Exercise instructions
Output only the lines that run from the line holding "A stunning, 6-light, champagne" to the end of the data below, including both ends, without any pictures.

Stored data
┏━━

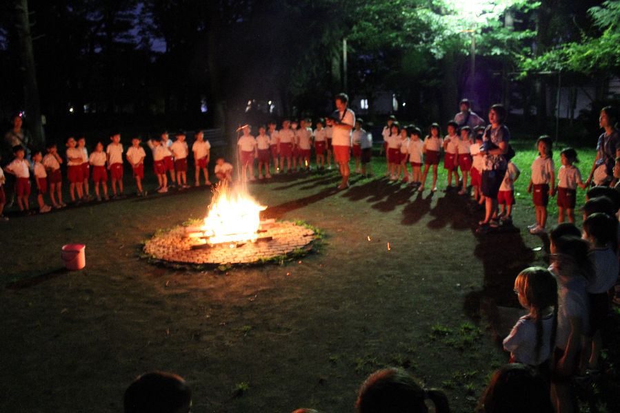 夕食後は外に出て『キャンプファイヤー』も楽しみました。火力の強さや明るさに感動し、火の大切さ便利さと同時に怖さも学ぶ良い機会になりました。
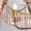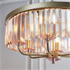 A stunning, 6-light, champagne painted chandelier enveloped by long pieces of soft, rose-pink, faceted glass which diffuse and reflect the light. The six E14 lamp holders curve elegantly up from the base and the lamps sit on beautifully faceted, rose-pink glass bobeches. Attached to the base of the fitting is a matching, decorative, cut-glass disc. This crystal infused pendant catches the light and bounces it around the room creating a striking pattern of light.
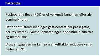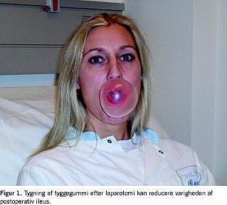 Postoperativ ileus (POI) er et tilbagevendende problem ved abdominalkirurgi til trods for, at der foreligger udbredt forskning på området. POI er typisk karakteriseret ved et forløb med kvalme, opkastninger, abdominale smerter, meteorisme, ændrede eller manglede tarmlyde samt forsinket afgang af flatus og fæces [1]. Der ses øget varighed af indlæggelsestid, idet tilbagevenden af tarmfunktionen typisk afventes inden udskrivelse. Flere studier, der omhandler det postoperative forløb viser, at den normale peristaltik efter laparotomi typisk vender tilbage inden for 24-48 timer i ventriklen, 12-24 timer i tyndtarmen og efter 3-5 dage i colon [2]. Der er udviklet forslag til accelererede patientforløb (fast track) primært for at reducere komplikationsraten efter operationen, dvs. for at gavne patienterne, men også med en sekundær gevinst i form af reduceret varighed af indlæggelsen. Et af de nyeste tiltag er studier, hvor anvendelse af tyggegummi undersøges, idet hypotesen er, at tyggegummitygning kan reducere varigheden af POI.

┗━━

Exercise output
 A stunning, 6-light, champagne painted chandelier enveloped by long pieces of soft, rose-pink, faceted glass which diffuse and reflect the light. The six E14 lamp holders curve elegantly up from the base and the lamps sit on beautifully faceted, rose-pink glass bobeches. Attached to the base of the fitting is a matching, decorative, cut-glass disc. This crystal infused pendant catches the light and bounces it around the room creating a striking pattern of light.
 Postoperativ ileus (POI) er et tilbagevendende problem ved abdominalkirurgi til trods for, at der foreligger udbredt forskning på området. POI er typisk karakteriseret ved et forløb med kvalme, opkastninger, abdominale smerter, meteorisme, ændrede eller manglede tarmlyde samt forsinket afgang af flatus og fæces [1]. Der ses øget varighed af indlæggelsestid, idet tilbagevenden af tarmfunktionen typisk afventes inden udskrivelse. Flere studier, der omhandler det postoperative forløb viser, at den normale peristaltik efter laparotomi typisk vender tilbage inden for 24-48 timer i ventriklen, 12-24 timer i tyndtarmen og efter 3-5 dage i colon [2]. Der er udviklet forslag til accelererede patientforløb (fast track) primært for at reducere komplikationsraten efter operationen, dvs. for at gavne patienterne, men også med en sekundær gevinst i form af reduceret varighed af indlæggelsen. Et af de nyeste tiltag er studier, hvor anvendelse af tyggegummi undersøges, idet hypotesen er, at tyggegummitygning kan reducere varigheden af POI.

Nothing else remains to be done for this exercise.